A wee bit about birdwatching

I'm not sure when I first became aware he was there. On the recent hot nights the open window had let in even more than usual of the raucous squawking and high thin keening of the gulls, enough to disturb sleep and cause grumpy, swearword muttering, turning and adjusting of sheets. I've been watching him for maybe a week or slightly more, a fledgling herring gull, clumsy in his first attempts to fly, his whole world the roof of the tenement opposite mine.

Over this time I've become attuned to his voice, his repetitive calls for food as persuasive as those of a human child. I've seen one or other of his parents respond to his cries and to his strange head-bobbing dance with regurgitated chips and kebab meat, human rubbish forming the staple diet of the urban seabird.

Herring gulls are reportedly in decline in their natural habitat of coastal cliffs and have been accorded a 'red' conservation status by the RSPB. Yet they are so ubiquitous in our towns and cities that they are considered a pest by many. As an omnivorous scavenger they are perfectly suited to living off the waste our society produces, and the landscape of high flats and tenements forms a not bad approximation of the habitat they evolved to live in.

Watching this gull as night and a light rain falls, his form silhouetted against the darkening sky, the flats across the road are transformed into a sea-cliff. The short, dead end street I live on becomes a sheltered cove of the sort that invariably brought thoughts of smugglers to my mind as a child. The broken down fridge, discarded digi-box and mess of plastic bottles and old video tape that fills the corner against the wall are so much flotsam and jetsam left behind by the tide.

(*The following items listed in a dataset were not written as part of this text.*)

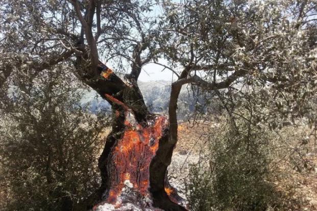 | المستوطنون يحرقون 1600 شجرة زيتون في بورين |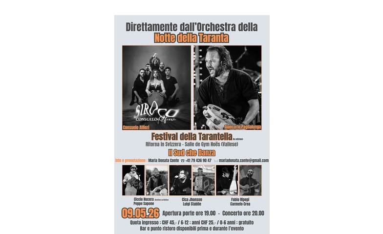 Dai ritmi travolgenti dell’Orchestra della Notte della Taranta, arriva in Vallese il Festival della Tarantella, 2a edizione, con l'evento Sud che Danza. Vivi una serata di musica e danza tradizionale che celebra il cuore pulsante del Sud Italia.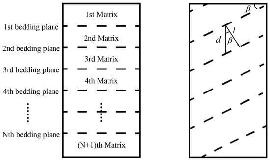 As shown in Figure 4, assuming that the matrix quantity of all rock samples and the horizontal thickness of each matrix were the same, the thickness of the matrix in the axial direction was also different for sandstones with different bedding dip angles. The relationship between the horizontal thickness of the matrix and the axial thickness of the matrix under different dip angles is shown in Formula (2):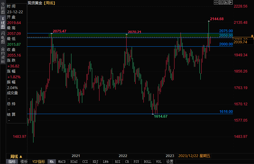 一年过去了,在对美联储预期方面,我们仍希望看到美联储停止加息,不过现在变得更乐观。美联储主席鲍威尔在12月议息会后指出,美联储已经开始就可能的降息展开讨论,这超出了市场的预期。虽然有其他几位美联储成员在几天后讲了一些鹰派讲话,但黄金仍然维持了涨势。从下图的周线图也可以看出,美联储态度影响相当明显。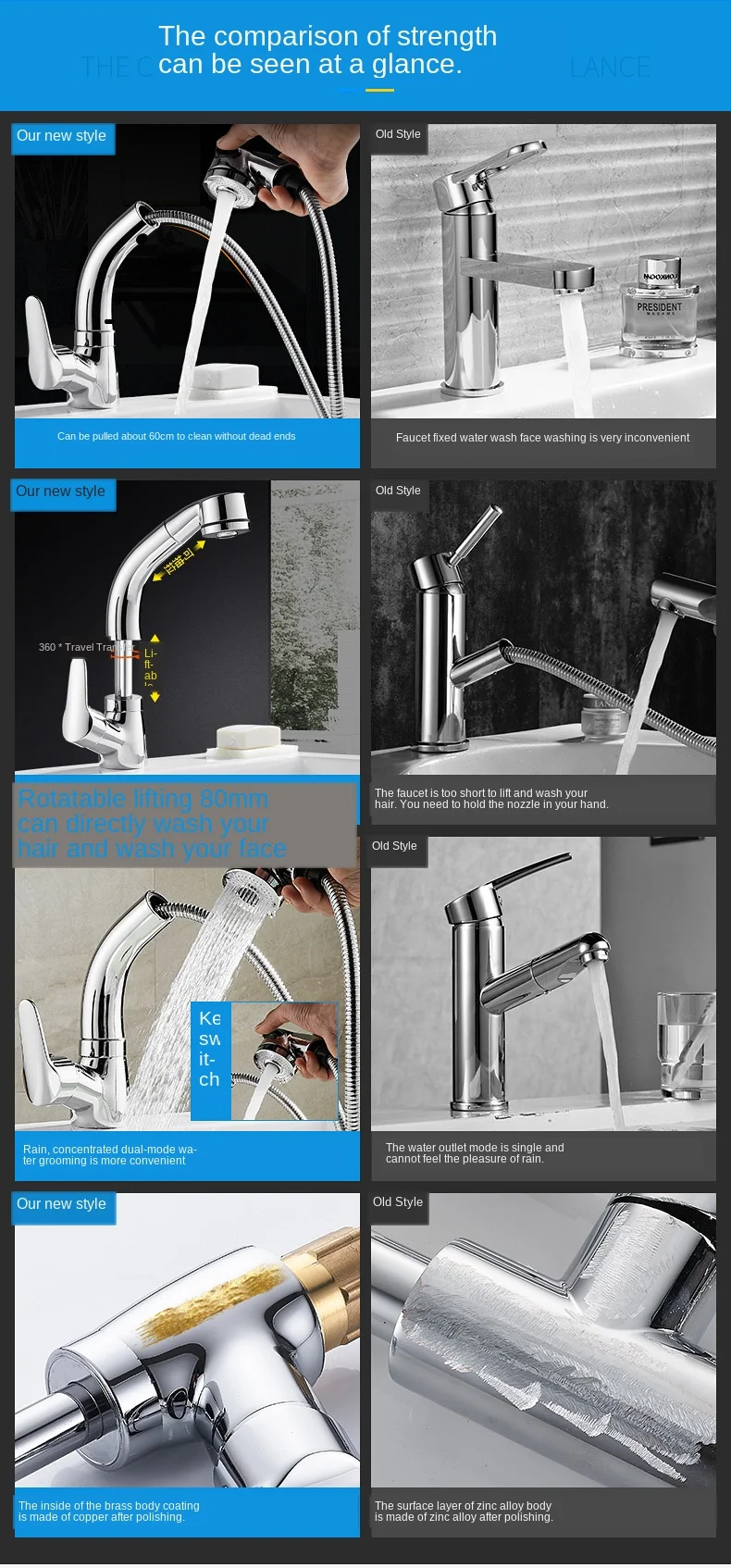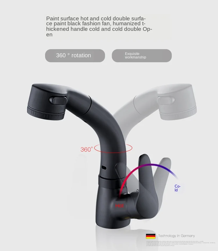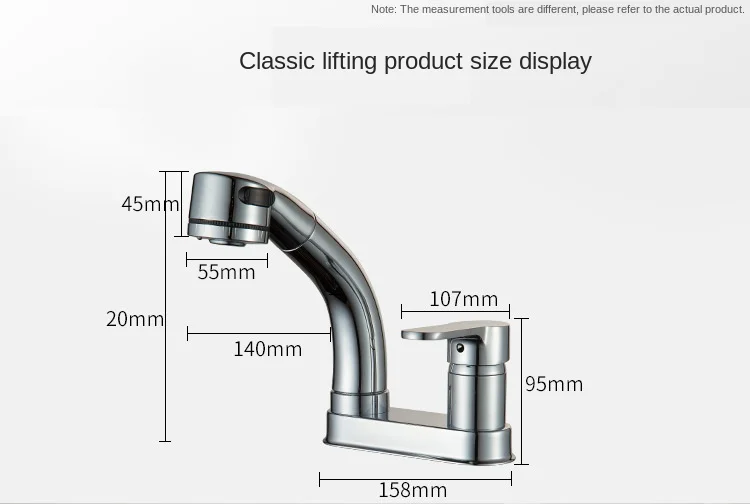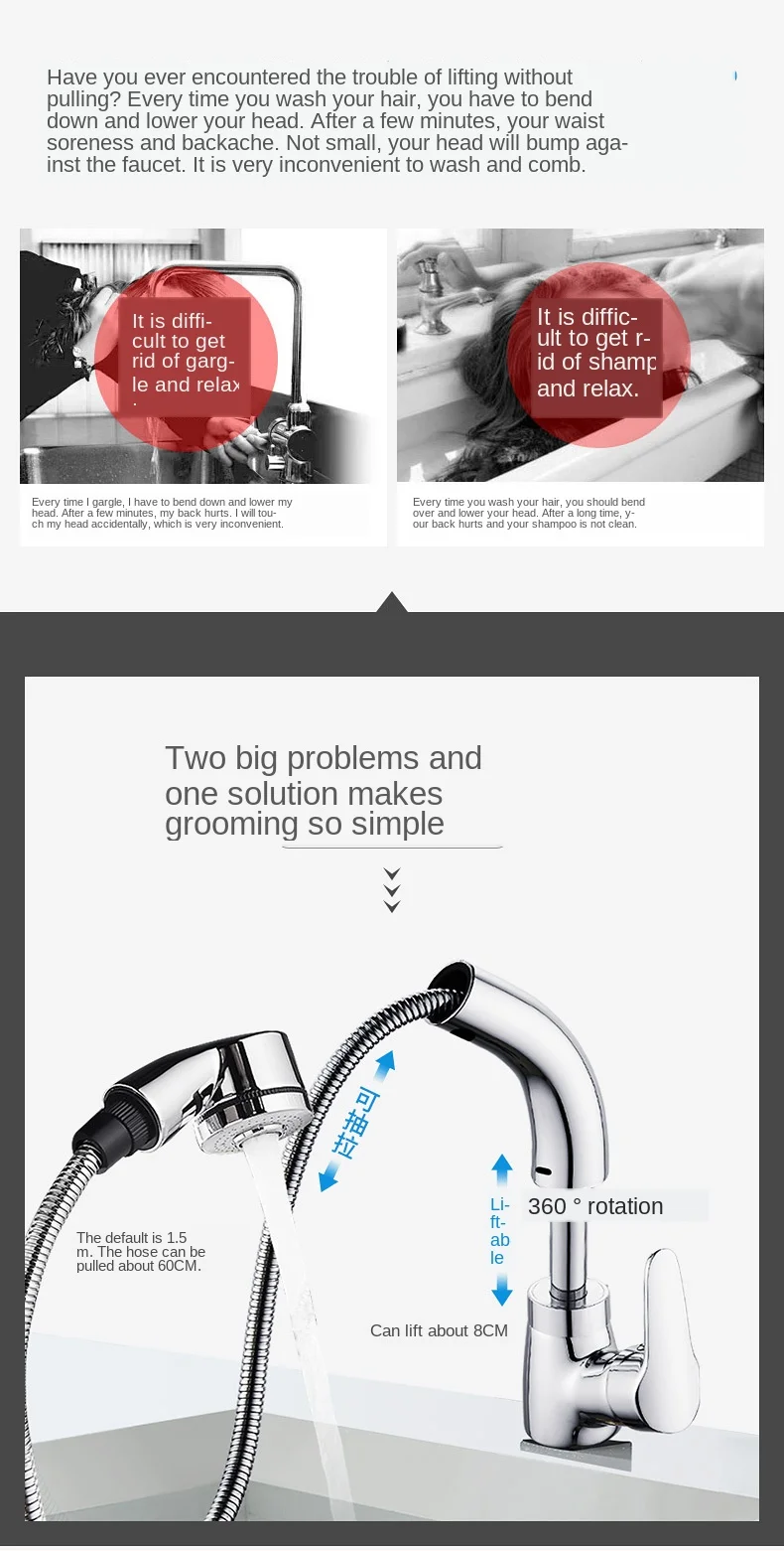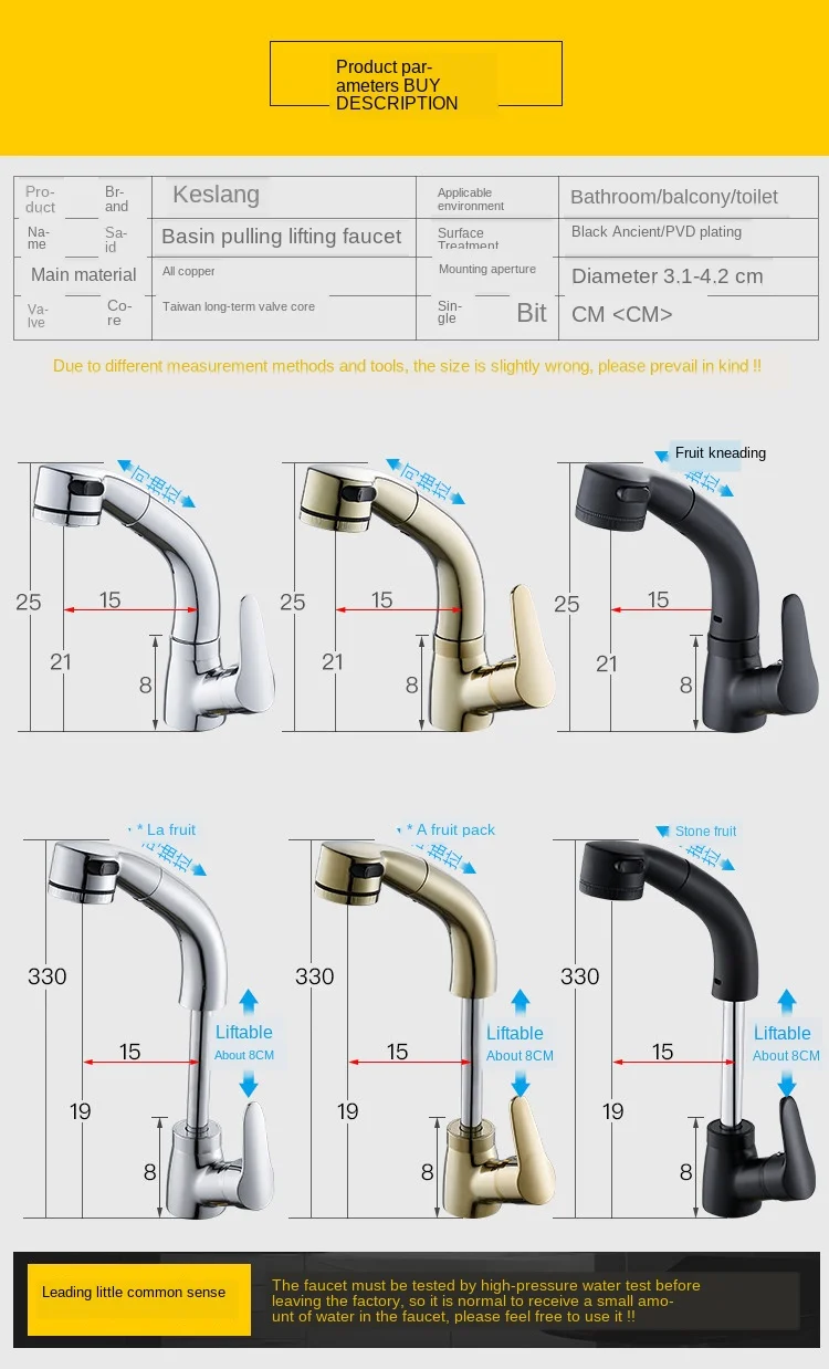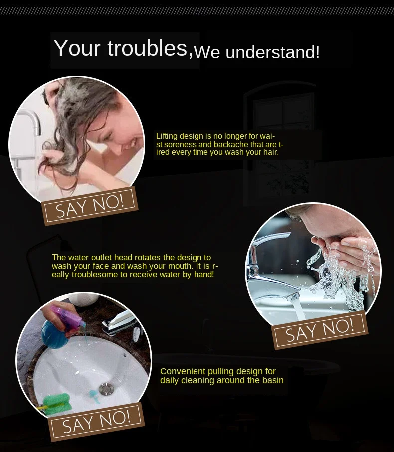 584646672387 Raisable отсоединяемые краны для раковины горячей и холодной телескопической двойной раковины с отверстием ванной раковины кран для раковины

At first he flapped a bit to no real purpose, or used his wings for frantic balance as he stumbled down the slates after a morsel of food. After a few days I began to see him manage short flights, a couple of metres at best, across the rooftop where he was born. These flights were hilarious, almost tragically lacking in the grace with which an adult gull can hang in the wind, or swoop and glide high above the city streets.

I would love to have photographed all this, to have a permanent record of so much fascinating animal behaviour, but I couldn't get past the idea of the neighbours seeing me leaning out my window with a camera and telephoto lens.

When I got home from work today, I have to admit, I went straight to the window to look for him. There was no sign, not a bird in sight. I can only assume his slaptstick attempts at aviation have graduated into real flight. In my minds eye he glides out along the Clyde, out past Ailsa Craig and Arran, to the Atlantic.